If you see less than ten rows, then the doctor selects or glasses or contact lenses. He wears you to the spectacle frame with grooves, which alternately inserts a few lenses.
The degree of vision correction with their help determined by reading the rows of the table Sivtseva. From the several options you choose the one that produces the maximum number of clearly visible lines.
It is important to avoid discomfort from prescribed lenses. If the eyes are "cut", they are watering, the picture "ghosting", or you have a headache, slight dizziness, tell certainly. The doctor will choose the lens with less diopters. Glasses should always be a little "weaker".
Children who cannot read, vision is tested or on the table Golovin, which depicts the decreasing rings with slits in different directions, or the grid Orlova pictures. On them and choose either glasses or contact lenses.
Near vision ophthalmologist checks, offering to read short texts on the card, which also differ in the size of the font. To read these lines should be holding the card in front of him at a distance of 35 cm.
If the vision is very weak and the patient will not even see a huge letter of the first line "sh" and "B", the optometrist determines the visual acuity on the fingers. He shows the patient a different number of fingers on your hand, gradually moving away from him.

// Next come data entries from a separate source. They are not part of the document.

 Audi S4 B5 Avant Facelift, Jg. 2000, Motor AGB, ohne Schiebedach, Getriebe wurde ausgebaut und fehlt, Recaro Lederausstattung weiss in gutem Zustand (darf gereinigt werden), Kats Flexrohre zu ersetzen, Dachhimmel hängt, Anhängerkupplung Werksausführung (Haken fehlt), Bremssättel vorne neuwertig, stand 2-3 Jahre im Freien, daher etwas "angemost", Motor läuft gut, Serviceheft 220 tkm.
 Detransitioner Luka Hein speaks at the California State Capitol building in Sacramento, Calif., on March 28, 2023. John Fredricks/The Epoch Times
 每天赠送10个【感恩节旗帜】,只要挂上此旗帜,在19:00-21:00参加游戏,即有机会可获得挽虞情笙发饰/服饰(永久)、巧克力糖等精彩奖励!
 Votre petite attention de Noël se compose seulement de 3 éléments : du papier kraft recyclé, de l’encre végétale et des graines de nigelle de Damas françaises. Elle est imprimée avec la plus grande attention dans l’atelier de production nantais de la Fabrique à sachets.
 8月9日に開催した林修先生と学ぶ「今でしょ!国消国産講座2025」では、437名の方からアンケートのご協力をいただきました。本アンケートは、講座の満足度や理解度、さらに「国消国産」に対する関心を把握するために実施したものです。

And the result determines the distance from itself to the patient.
Modern eye clinic is equipped with electronic optical devices which determine the visual acuity instantly, and not empirically, by tables, and automatically. To deceive them is absolutely impossible.

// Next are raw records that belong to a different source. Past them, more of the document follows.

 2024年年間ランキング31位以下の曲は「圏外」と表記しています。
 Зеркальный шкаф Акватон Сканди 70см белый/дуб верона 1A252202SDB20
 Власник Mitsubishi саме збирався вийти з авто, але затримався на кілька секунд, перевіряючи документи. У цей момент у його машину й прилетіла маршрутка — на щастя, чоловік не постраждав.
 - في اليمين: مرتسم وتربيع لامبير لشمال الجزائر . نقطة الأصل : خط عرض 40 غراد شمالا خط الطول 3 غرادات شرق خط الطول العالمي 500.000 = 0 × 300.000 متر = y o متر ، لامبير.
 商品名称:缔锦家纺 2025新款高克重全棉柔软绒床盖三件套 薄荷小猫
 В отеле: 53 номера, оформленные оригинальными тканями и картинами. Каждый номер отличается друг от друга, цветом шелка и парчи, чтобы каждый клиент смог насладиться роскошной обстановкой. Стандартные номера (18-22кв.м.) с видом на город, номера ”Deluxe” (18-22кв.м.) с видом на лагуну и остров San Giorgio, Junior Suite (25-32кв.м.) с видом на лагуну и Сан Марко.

There are people for which, for example, red and green are one and the same. Correct vision optometrist determines the Atlas with colored optical tests. They consist of dots and circles, out of which only "lurking" numbers or geometric shapes. The doctor offers to call them. If the patient sees them or sees other figures and shapes, then he is colorblind.
It is very important to also check the fundus. The doctor digs in both eye drops, pupils are soon greatly enlarged, and he well illustrated the condition of the retina, blood vessels, macula.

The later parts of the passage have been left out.